メタボリックシンドロームの予防のためには、まず自分の体がどのような状態であるか、しっかり把握しておかなければなりません。健康診断を受け、自分がメタボリックシンドロームかどうか確認してみましょう。現在の自分の危険度を知ることが、予防のモチベーションにもつながります。近所の病院に問い合わせてみるなり、地域の健康診断を受けてみるのもいい方法です。人間ドックと聞くと、健康診断と同じようなものだと思われている場合があります。しかし人間ドックは健康診断をよりももっと詳しく調べるものなので、メタボリックシンドロームがどうかを判断するためには健康診断くらいでちょうどいいと思われます。

メタボリックシンドローム予防のための食事

メタボリックシンドロームは、食生活を改善することが予防としてなによりはじめにすることなのです。食事は内容だけでなく、食べる時間や量、食べ方も大きく影響をします。毎日少し気をつけるだけでも予防はしていけるものなので、出来る範囲で少しずつでも実行していくと、健康には効果があり、またダイエットとしてもよいことにつながるでしょう。メタボリックシンドロームの予防策として、食事は寝る3時間前までに済ませるようにします。寝る3時間以内の飲み食いは中性脂肪を増やすことになり、その中性脂肪を代謝する機能は、食べてからすぐに眠るとうまく処理されないという構造だからです。そうやって処理しきれなかったエネルギーは血液中に残り、それがもとで中性脂肪が増えてしまうのです。また、食べたあとにすぐ寝ることは脂肪の吸収をよくすることで、それで脂肪がたまってしまい、さらにメタボリックシンドロームの状態に一歩近づくというわけです。

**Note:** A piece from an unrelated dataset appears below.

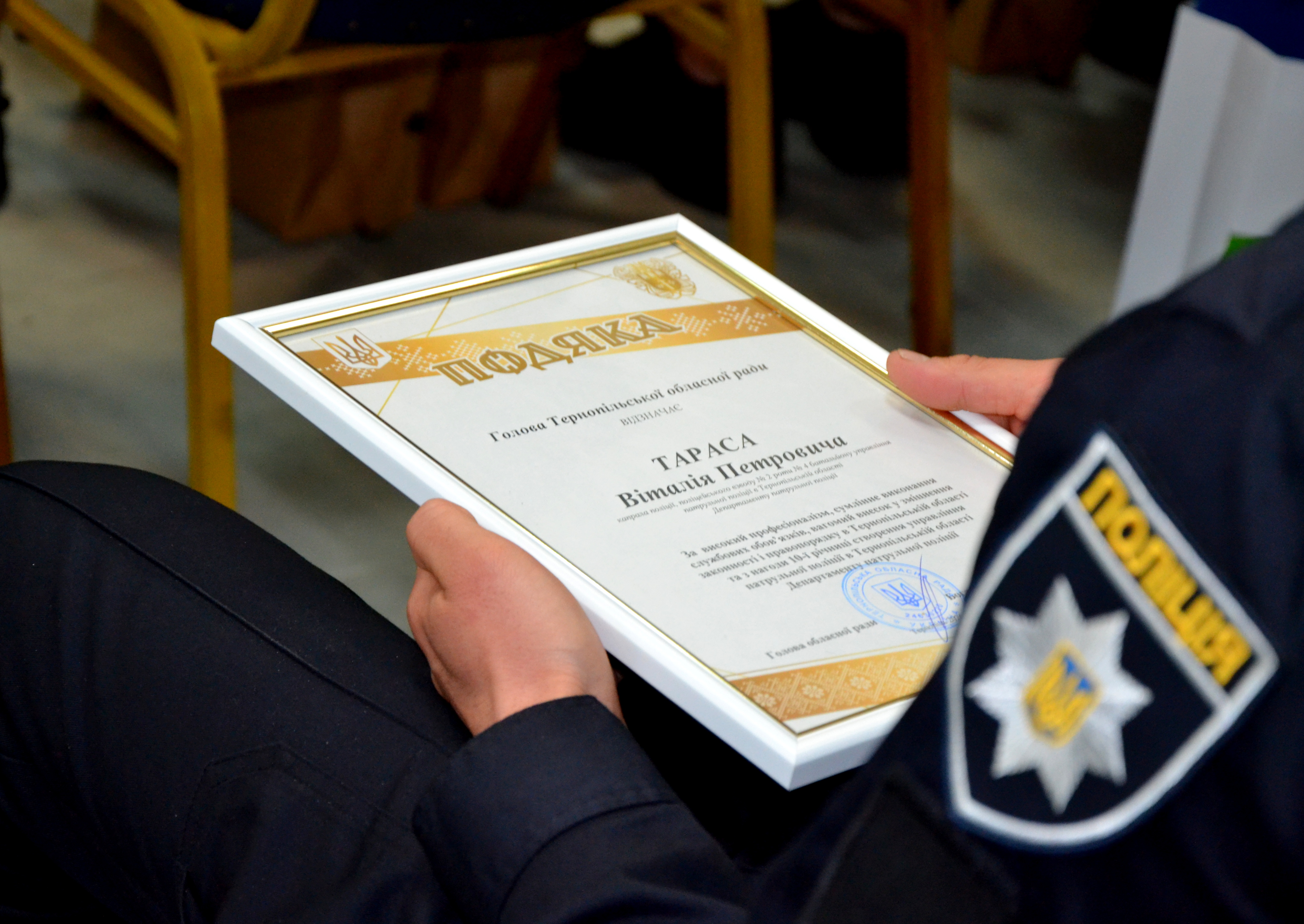 З нагоди ювілею заступник голови Тернопільської обласної ради Ігор Сопель відзначив кращих поліцейських управління патрульної поліції Тернопільської області Департаменту патрульної поліції подяками та цінними подарунками Тернопільської обласної ради.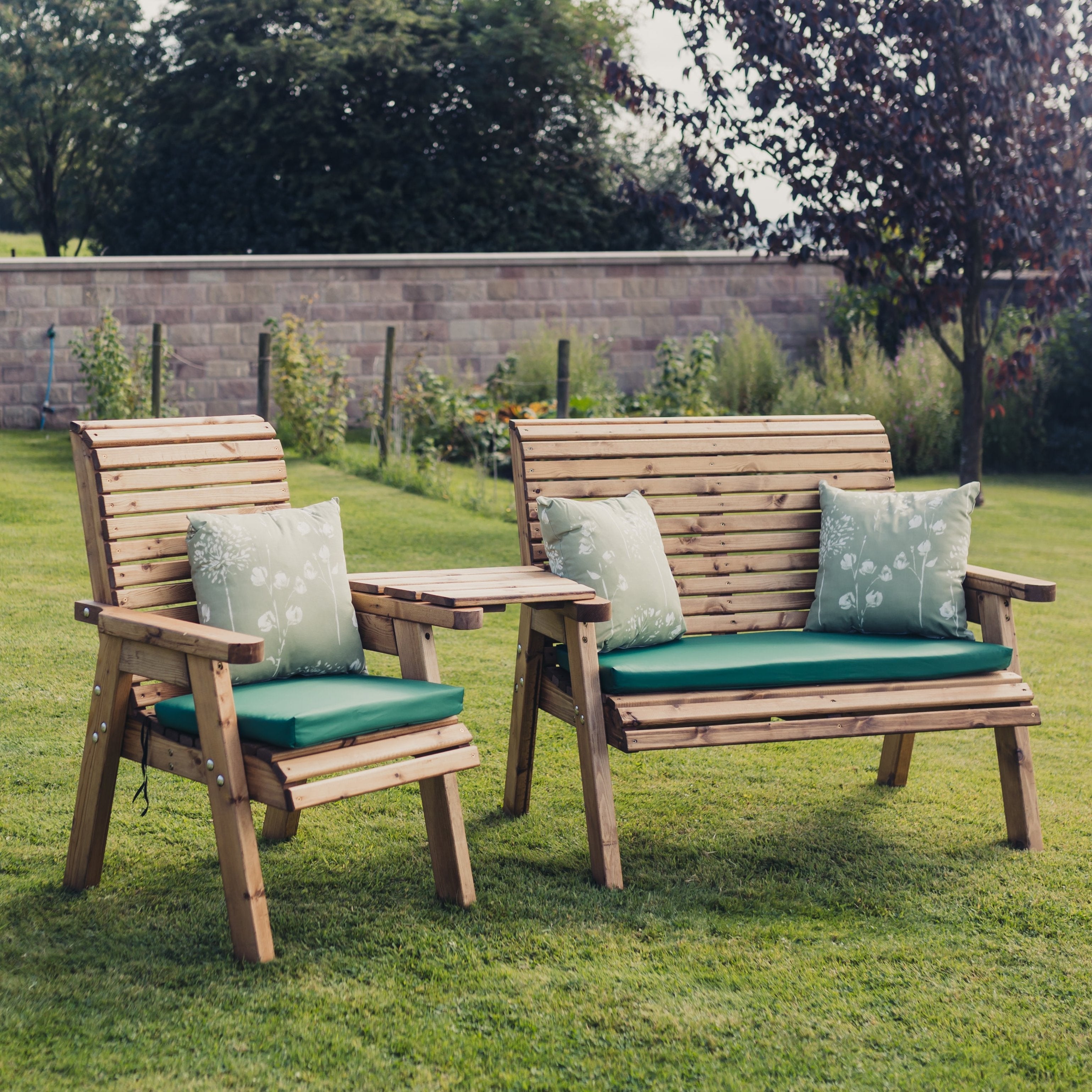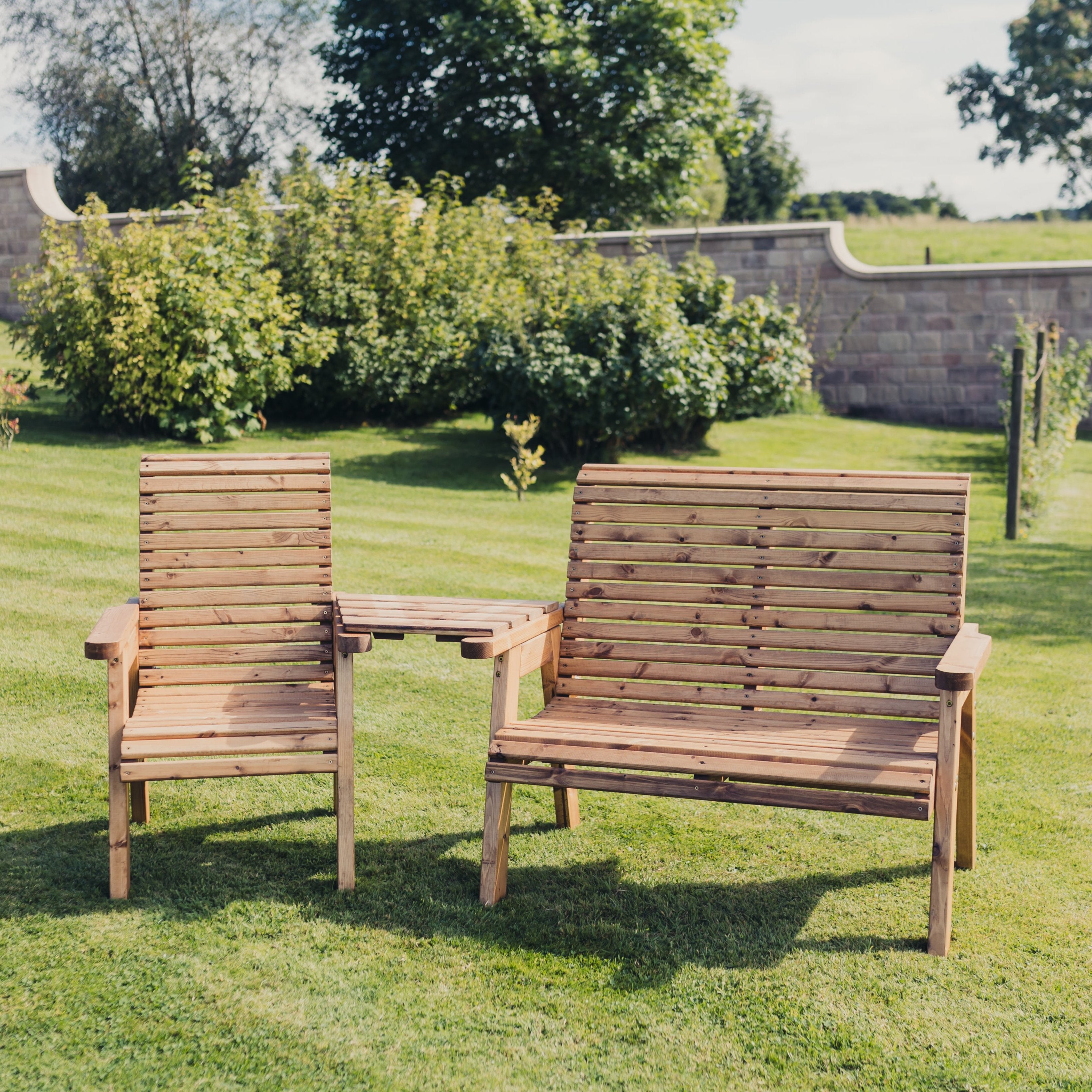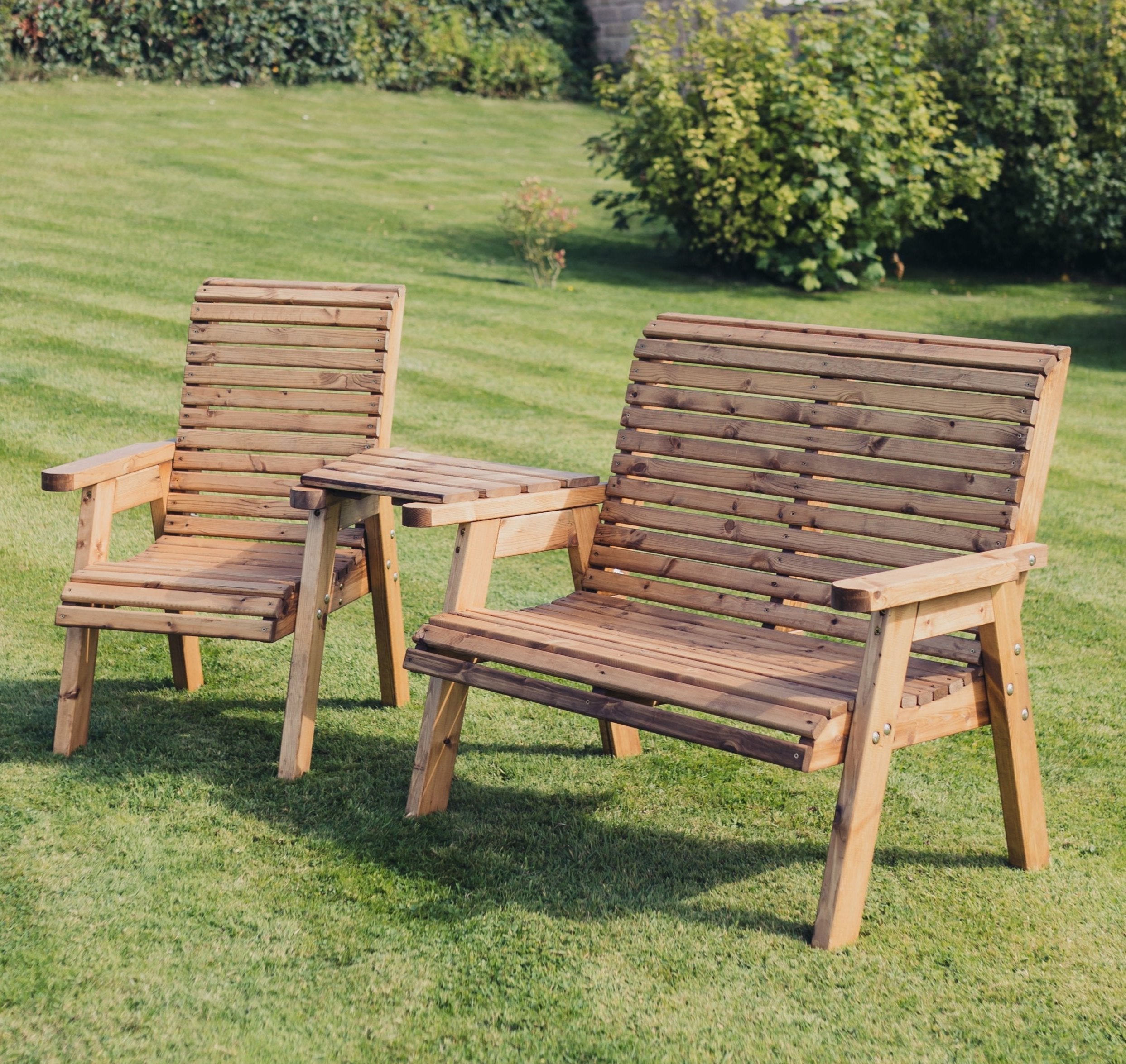 This is a lovely valley styled trio set angled, made to sit three people. This beautiful brown trio set has been built by British craftsmen in this unique style using the finest Swedish Redwood. Timber has been pre-treated with a basecoat offering antifungal, mould and also UV protection.

メタボリックシンドローム予防対策は食べるときに時間をかけてよく噛むようにすると、それだけでメタボリックシンドロームの予防になるのです。よくかむことで満腹中枢が刺激され、少し食べただけでも満足できるうえ、インスリンが正しく分泌するよになって肝臓への負担も軽くすることができるのです。ひとくち30回程度かむことがその目安で、それは食べた物が口の中でどろどろになるくらいと考えたらいいでしょう。また食事の量を制限することもメタボリックシンドロームの予防策としては忘れてはならないことです。そのためには一日に必要なエネルギー量を知ることで、その中で食事をするようにすると、無駄な脂肪をつけないことにもなります。